If Cheney advocates a return to waterboarding, they said, they have not heard him say so. But his office has fought fiercely against an executive order or CIA directive that would make the technique illegal.
It is quite clear why TheMercenary would love Cheney. Cheney demonstrates everything that fascists advocate including unrestricted torture, wiretapping without judicial review, and wars against enemies that don't really exist. Notiice that TheMercenary has again posted the silly myth that "if we don't stop them there, then they will attack us here".

The Washington Post series started with
Quote:

'A Different Understanding With the President'
Just past the Oval Office, in the private dining room overlooking the South Lawn, Vice President Cheney joined President Bush at a round parquet table they shared once a week. Cheney brought a four-page text, written in strict secrecy by his lawyer. He carried it back out with him after lunch.

In less than an hour, the document traversed a West Wing circuit that gave its words the power of command. It changed hands four times, according to witnesses, with emphatic instructions to bypass staff review. When it returned to the Oval Office, in a blue portfolio embossed with the presidential seal, Bush pulled a felt-tip pen from his pocket and signed without sitting down. Almost no one else had seen the text.

Cheney's proposal had become a military order from the commander in chief. Foreign terrorism suspects held by the United States were stripped of access to any court -- civilian or military, domestic or foreign. They could be confined indefinitely without charges and would be tried, if at all, in closed "military commissions."

"What the hell just happened?" Secretary of State Colin L. Powell demanded, a witness said, when CNN announced the order that evening, Nov. 13, 2001. National security adviser Condoleezza Rice, incensed, sent an aide to find out. Even witnesses to the Oval Office signing said they did not know the vice president had played any part. ...

[Cheney] has found a ready patron in George W. Bush for edge-of-the-envelope views on executive supremacy that previous presidents did not assert. ...

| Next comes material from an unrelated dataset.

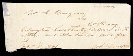 Title: Note from John Drew authorizing payment of thirty dollars and to take Bell for it

Cheney is not, by nearly every inside account, the shadow president of popular lore. ... Their one-on-one relationship is opaque, a vital unknown in assessing Cheney's impact on events. The two men speak of it seldom, if ever, with others. But officials who see them together often, not all of them admirers of the vice president, detect a strong sense of mutual confidence that Cheney is serving Bush's aims.
Cheney's political agenda approaches what is called fascism. He openly states that the President does not have sufficient powers; needs more. A president can openly create war and torture in direct violation of Federal laws, Geneva Convention, and basic American principles - and still does not have enough power? That would explain why those here who know by using a political agenda also so love Cheney.

TheMercenary 06-25-2007 08:00 PM

Quote:

Originally Posted by tw (Post 358698)
Allah Akbar!!!!.

Ok, thanks for your support of terrorists and all things anti-American. Well done!:whofart:

tw 06-26-2007 06:02 PM

From The Economist of 16 Jun 2007:
Quote:

For only the second time since he became president, George Bush went to lunch with Senate Republicans on Capitol Hill on June 12th. They entertained him frugally: he had a peanut-butter and jam sandwich. And when he tried, strenuosly and politely, to persuade them to revive his stalled immigration- reform plan, they gave him more peanuts.
Well its a good thing that TheMercenary's hero is an elephant. He got an honorary meal well deserved.